● **Given data**
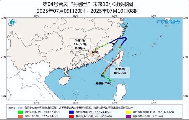 按照热带气旋强度等级划分,当一个热带气旋中心附近最大风力降至6级(13米/秒)以下,且中心已难以辨认,气象部门可认定该系统已处于热带低压下限,并对其停止编号发布。但截至7月10日8时,广东省气象部门仍制作“丹娜丝”未来12小时预报图,并对其大致中心位置标注了中心附近最大风力5级的数据。
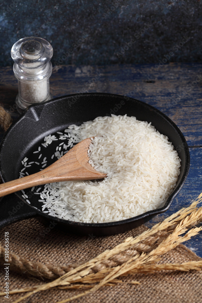 Fotografie Close up white rice in measuring cup on table, Thai Jasmine rice in rustic kitch
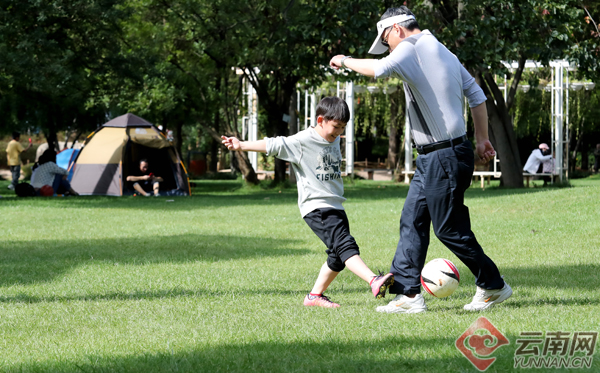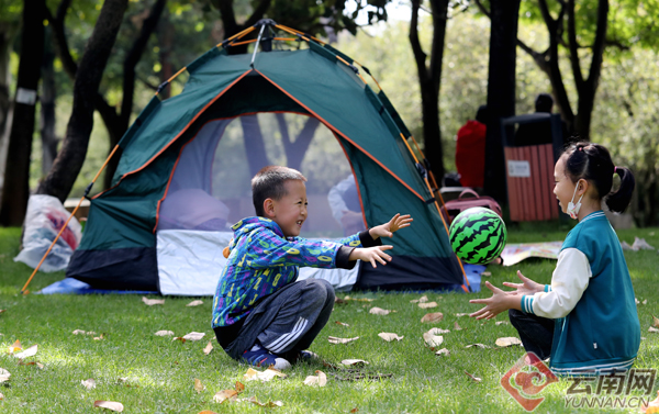 “十一”假日,秋日阳光明媚。在昆明西华公园,走出家门的春城市民在草地上搭起帐篷露营、在湖面上划船赏景游玩……游乐场中传出阵阵欢乐的笑声,处处呈现出亲子融融的愉悦场景。(云南网 记者杨峥)
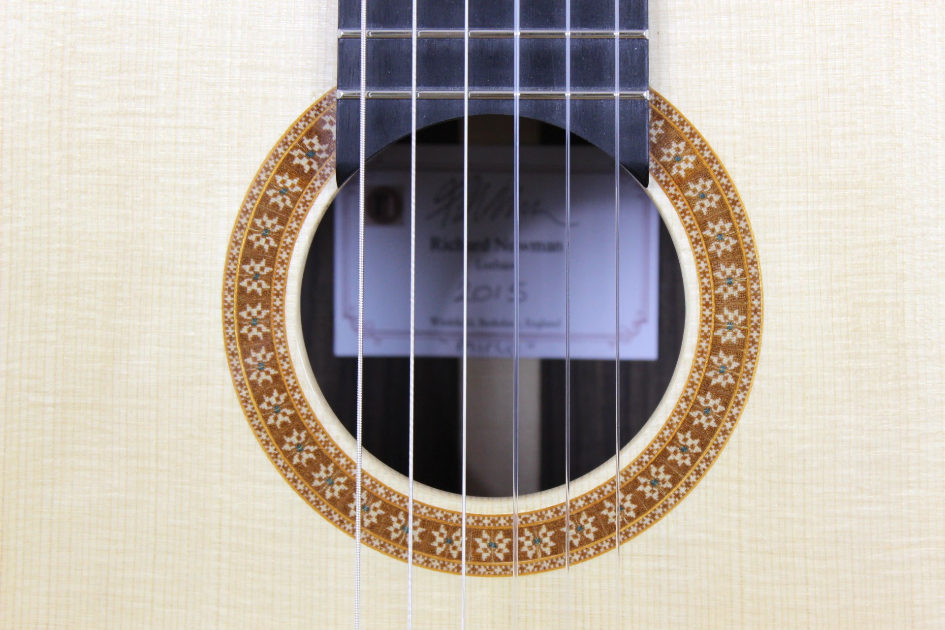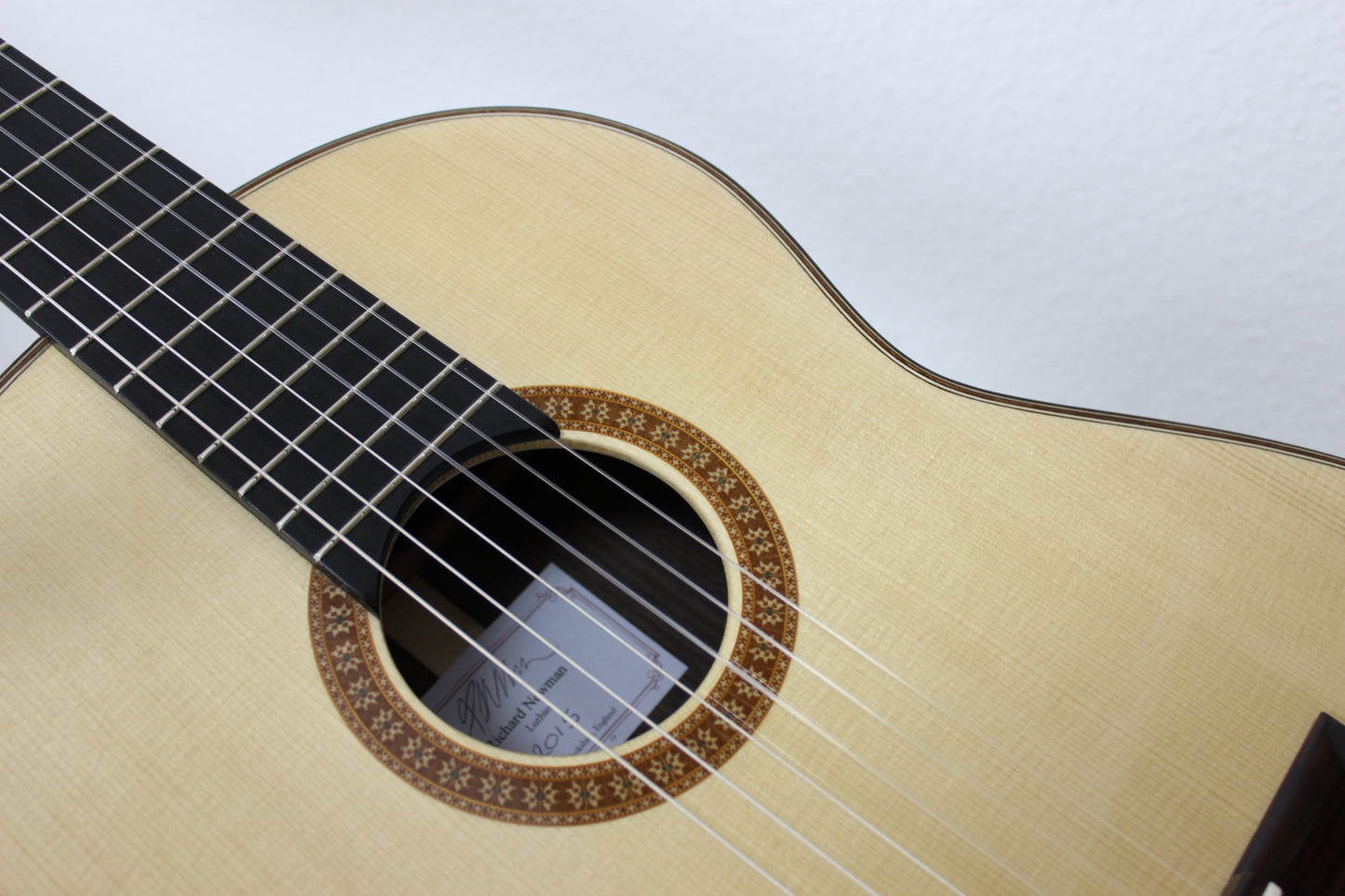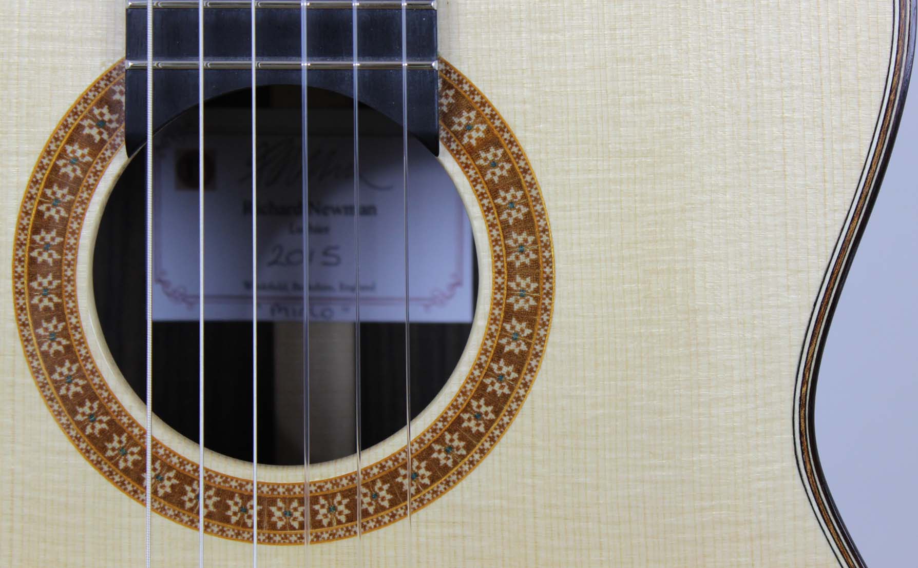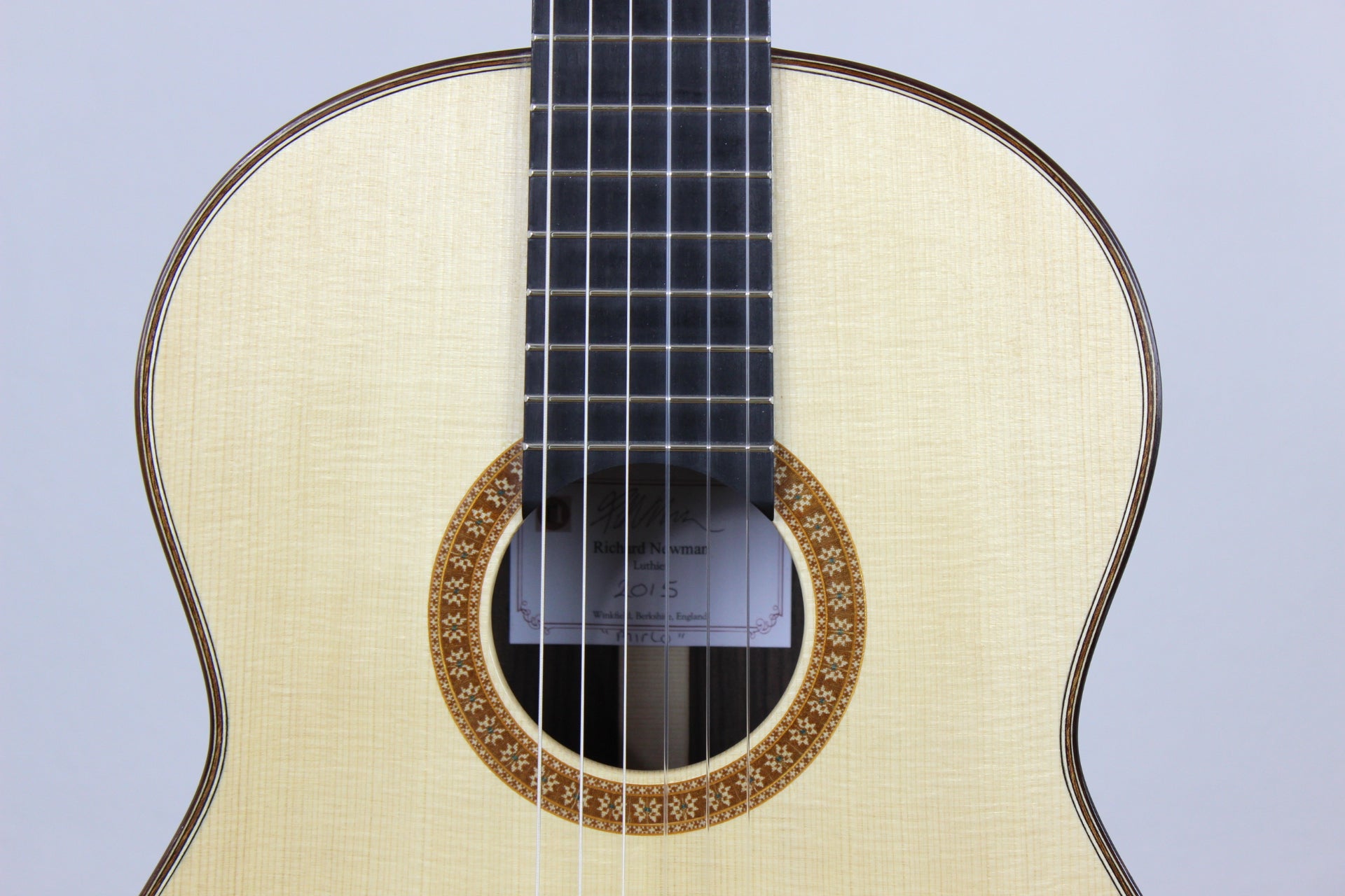 Richard Newman was born in 1964 and studied classical guitar in the mid 90's under Richard Wright (now head of guitar at the Yehudi Menuhin school of music). He learnt much about tone production from his studies and set out to find a good guitar with a traditional "old world sound". Failing to find the desirable instrument, Richard enthusiastically decided, as he had worked with wood for many years as a tree surgeon, to try to build his own guitar. Richard built a handful of guitars, and with much encouragement from players, left his job and enrolled in a full time guitar making course at the London Guildhall University in 2001. After completing the course, Richard set up a workshop in Ascot, Berkshire, where he builds around twelve guitars a year. Richard builds using very little machinery, concentrating on using traditional hand tools and glues, as he feels it is important to be in touch with the materials while maintaining control over his work. Richard has also received a lot of guidance and advice from professional players and other makers over the years. He also studied many master guitars, which has helped him evolve as a maker and produce well balanced guitars with a low body resonance and fine projection. Richard continues creating guitars with the same passion and enthusiasm as that very first build. This guitar is named "Mirlo" and has a european spruce top, back and sides are made of Indian rosewood.

● **What to work on**
Please write out the lines above exactly, from the one that contains "Fotografie Close up" through the final line, and include none of the pictures.

● **Answer for the task**
 Fotografie Close up white rice in measuring cup on table, Thai Jasmine rice in rustic kitch
 “十一”假日,秋日阳光明媚。在昆明西华公园,走出家门的春城市民在草地上搭起帐篷露营、在湖面上划船赏景游玩……游乐场中传出阵阵欢乐的笑声,处处呈现出亲子融融的愉悦场景。(云南网 记者杨峥)
 Richard Newman was born in 1964 and studied classical guitar in the mid 90's under Richard Wright (now head of guitar at the Yehudi Menuhin school of music). He learnt much about tone production from his studies and set out to find a good guitar with a traditional "old world sound". Failing to find the desirable instrument, Richard enthusiastically decided, as he had worked with wood for many years as a tree surgeon, to try to build his own guitar. Richard built a handful of guitars, and with much encouragement from players, left his job and enrolled in a full time guitar making course at the London Guildhall University in 2001. After completing the course, Richard set up a workshop in Ascot, Berkshire, where he builds around twelve guitars a year. Richard builds using very little machinery, concentrating on using traditional hand tools and glues, as he feels it is important to be in touch with the materials while maintaining control over his work. Richard has also received a lot of guidance and advice from professional players and other makers over the years. He also studied many master guitars, which has helped him evolve as a maker and produce well balanced guitars with a low body resonance and fine projection. Richard continues creating guitars with the same passion and enthusiasm as that very first build. This guitar is named "Mirlo" and has a european spruce top, back and sides are made of Indian rosewood.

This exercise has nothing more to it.